After the fight with Avery, I could understand someone wanting to hide their abilities to fit in. But I’ve waited for this day my entire life. I’m nervous, honestly, because a part of me knows this could be my chance to prove Avery wrong and to use my powers for good. Maybe it’s my chance to win her back too.
“I’m excited,” I finally answer. “Tell me about your first prophecy again.”
It’s one of my favorite stories. Grammy empties her bowl into the skillet, spins it back onto the counter, and turns to me. She’s always thrilled to tell this story, because it’s her favorite too.
“Well, I was living in Asheville. Our family was a little bigger back then. Take your five wild cousins and multiply by five. Our house was always full of people. I kind of felt like I was floating. Talking with everyone, but not really hearing what they said. And then there was this moment where I felt cold. That crisp feeling you get when you go up into the mountains. And without warning, the entire room vanished.
“All I could see was this gorgeous red rose. A single thorn. Lovely petals. It was so beautiful. Some of my cousins had already had their first visions. And of course I’d spent months listening to them retell their stories. Some of them could walk around their vision and examine every angle. Others could change the details! Not me. All I could see was that perfect image of a red, red rose. It was another ten years before I saw it again.”
“Grandpa,” I say with a smile. “The day you met Grandpa.”
“He was plenty handsome,” she says. “But when he held out that rose, I almost fainted. It was exactly the way I remembered it. Now, keep in mind that not everyone sees through a romantic lens. There are plenty of branches of magic. My cousin Tessa is a genius with weather. My grandma was a Doomspeak. So don’t go assuming you’re supposed to go off and get hitched to some stranger.”
I roll my eyes. “No worries there, Grammy.”
She’s about to offer another piece of advice, but Mom’s arrival in the kitchen cuts her off. Business heels click along the hardwoods. Mom pours a cup of coffee, carefully mixing in a healthy dose of creamer. I frown when I realize it’s a travel mug. Grammy notices too. Mom turns around and she’s already wearing an apologetic smile.
“I’m so sorry, Celia. Someone has royally screwed up something at work. I’m afraid if I don’t go in, we’re going to be dealing with the fallout for weeks.”
I nod back, a little too quickly. “Yeah. No problem.”
She doubles down by throwing out a bottom lip. “I know it’s your big day, honey. Really. I’m so sorry. But I’ll try to leave work early. We’ll watch a good movie tonight to celebrate. Sip some hot chocolate. You can tell me all about your vision, okay?”
I nod again. “That’s perfect. Seriously.”

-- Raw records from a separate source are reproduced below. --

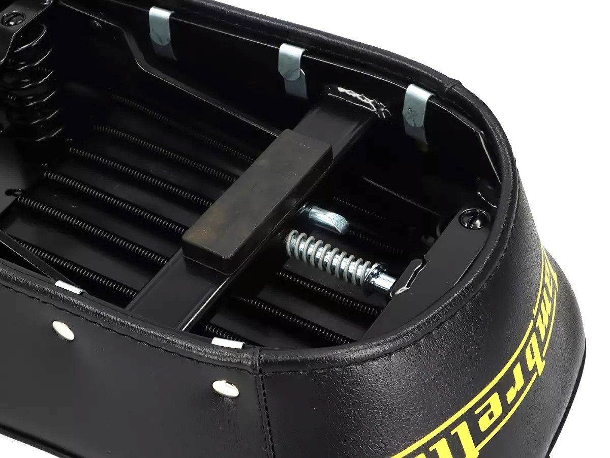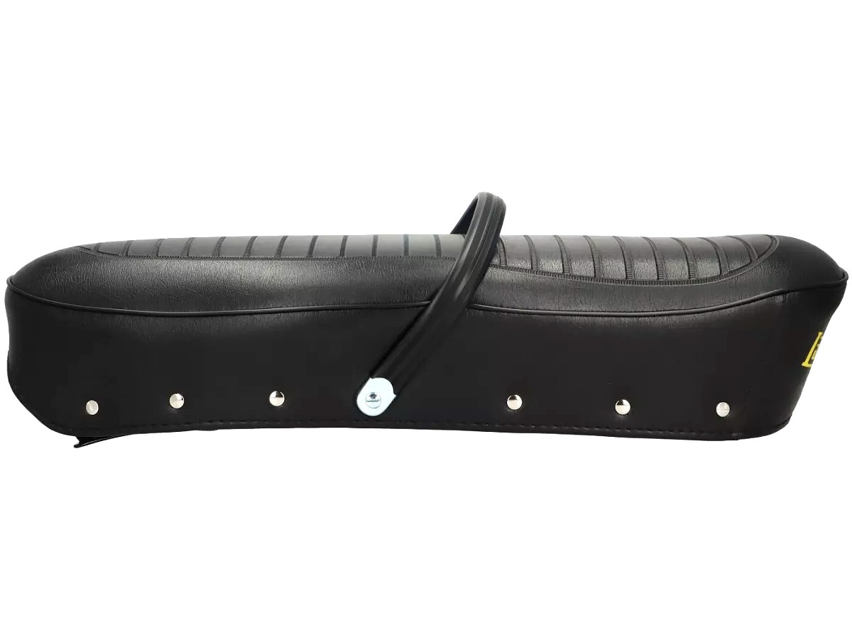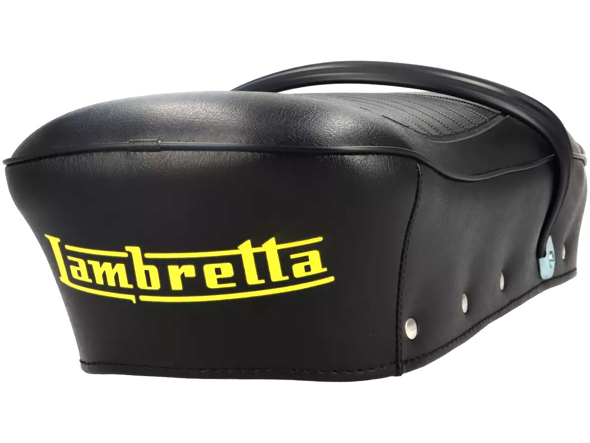 Complete seat suitable for all SIL Lambretta DL-GP models. It is a brand new product strictly “Made in Italy” . It has been manufactured using an original SIL seat in superb original condition as a sample. The top pattern is very similar to the original and the pressed stitchings along with the yellow Lambretta logo stamped at back make this an excellent copy of the original one. The top has been shaped by cutting the foam following exactly the sample that was used and the comfort is guaranteed. If your SIL GP hasn’t got the original look and you want it, this is for you.
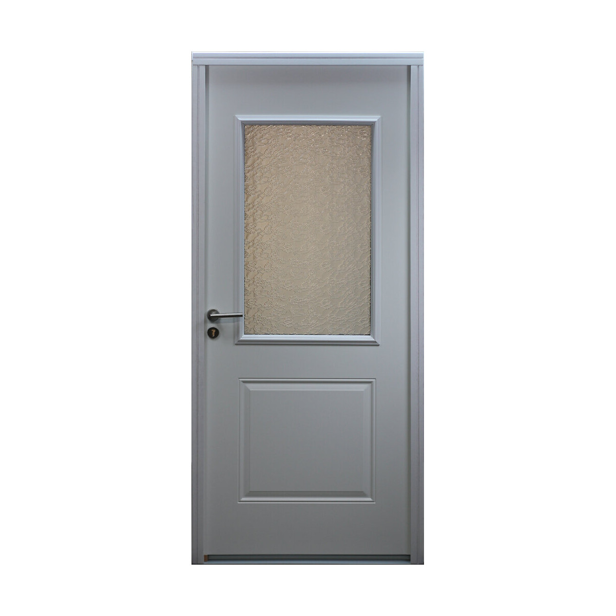 Portes d'épaisseur 46mm ouvrant et dormant, Porte acier 75/100 anticorrosion G40. Crémone à relevage de marque VACHETTE comprenant 6 points de fermeture, seuil aluminium anodisé dormant 46mm.
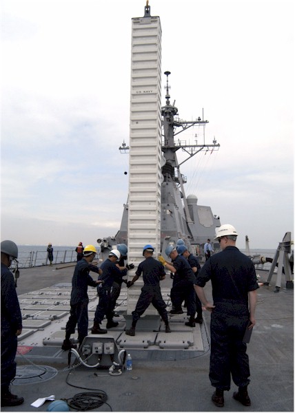 | 55k | 070919-N-4649C-030. Yokosuka, Japan, September 19 2007, sailors aboard guided-missile destroyer USS Lassen (DDG 82) help guide a Tomahawk cruise missile into place during ammunition onload. Low winds and a calm sea state are two necessary elements for a safe onloading evolution. Lassen is forward deployed to Yokosuka, Japan, and is underway on deployment. U.S. Navy photo by Mass Communication Specialist 2nd Class Chantel M. Clayton. | Bill Gonyo |

She kisses my forehead and sweeps back out of the room. I can feel Grammy watching me as we both listen to the noises of leaving. The light jingle of house keys. Doors groaning open and closed. The car firing up in the garage. I don’t realize, at first, that I’m tearing off little strips from a napkin on the table. I set the pieces aside and look up. Grammy is still watching.
“I’ve never told you this,” she says. “But my mother missed my first vision. She didn’t need a disaster at work to slip away either. They found her picking scuppernongs out in one of our back fields. Try not to blame your mother too much. It’s a hard day for someone who will never taste magic.”
It makes all the sense in the world, but I have to look back down at the napkin and tear off more strips to keep myself from crying. Grammy seems on the verge of saying more when a loud beep sounds. Two slices of absurdly burnt toast appear. The sight of them breaks the gloomy spell. Grammy and I exchange a look before bursting into belly laughter.
“Come one, come all,” she thunders between laughs. “Witness the seer who can burn toast!”